I like it. One of my cousin's friends came up with a "genius" system for traffic enforcement - every licensed driver gets an official DOT paintball gun and three official DOT paintballs PER MONTH. Anybody who acts like an asshole in traffic gets shot with paintballs. Cops to pull over and ticket anyone with more than, say, five hits on their car. Aside from the fact that it encourages drivers to shoot at each other (among other dire problems), the limited quantity of paintballs would cause drivers to take their shots seriously (assuming the paintballs couldn't be easily counterfeited, at which point it starts to sound like the Joker's fever dream). So - limit your available strikes and have them replenished by the system in response to legit hits.

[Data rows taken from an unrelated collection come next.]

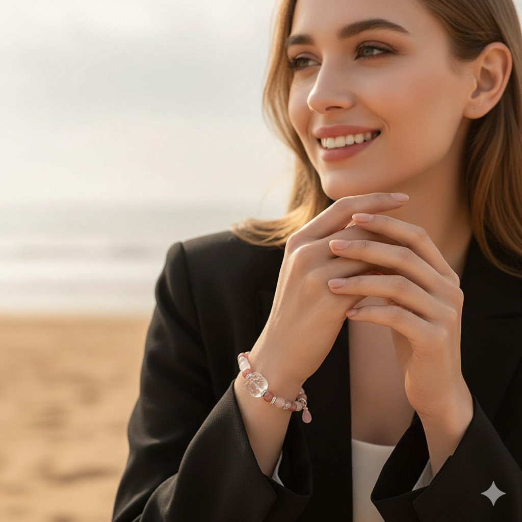 Genuine Gemstones: Made with authentic, high-quality Clear Quartz, Rose Quartz, and Strawberry Quartz beads.
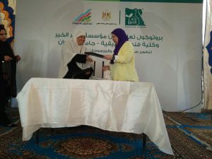 وحضر توقيع البروتوكول كل من سهير عوض مدير برنامج الغارمين بمؤسسة مصر الخير، والدكتورة غالية الشناوي رئيس قسم الغزل والنسيج بكلية فنون تطبيقية جامعة حلوان، والدكتورة ميرفت عبد الفتاح الرئيس الأسبق قسم الغزل والنسيج بكلية فنون تطبيقية جامعة حلوان، والدكتور طارق عبد الرحمن استاذ نظريات التصميم والتريكو بكلية الفنون التطبيقية جامعة حلوان، والدكتور محمد ضرغام أستاذ تكنولوجيا أليات النسيج بكلية الفنون التطبيقية جامعة حلوان، والدكتور أسامة القبيسي أستاذ رياضيات النسيج بقسم الغزل والنسيج بالكلية.
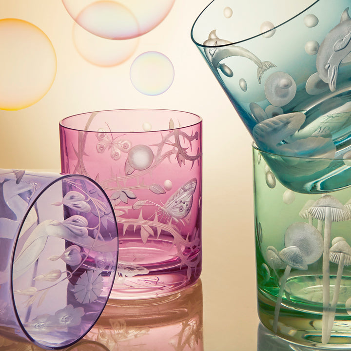 Named for the Cold Ware era of competition between the USA and USSR over spaceflight capability, the Space Race collection of old-fashioned glasses and decanter is compromised of two separate motifs: Sputnik features an image of the famous Soviet satellite in flight, careening past glittering gold stars and planets, while Apollo 11 depicts a space-suited American astronaut standing near a lunar landing module with a magnificent earthrise looming in the background.

While I love the "tag the asshole system" probably best to do it electronically / metaphorically - the idea of giving drivers paintballs horrifies me. I went to a game once where several people were hospitalized when someone swapped his paintballs out for marbles.
I used to a lot! My friends out here aren't into it, I'd be game for playing again though. I mostly used to do scenarios, Oklahoma and Skirmish dday. Doesn't seem like a lot of that out here. But I would love to see a hello kitty themed Tippman, I didn't know that was on my bucket list until this moment. My last Tippman was a 98 custom :)
http://imgur.com/labgoww That's the kind of shit I'm talking about.
The thing is though, this would affect the experience for non-subscribed users that might be checking this site out for the first time. They go to global, see it's a giant can of spam, and never come back.Right. Filter users newer than 2 days in your preferences. Problem solved.
Holy moly. I have never seen anything like that. I am not even that sophisticated.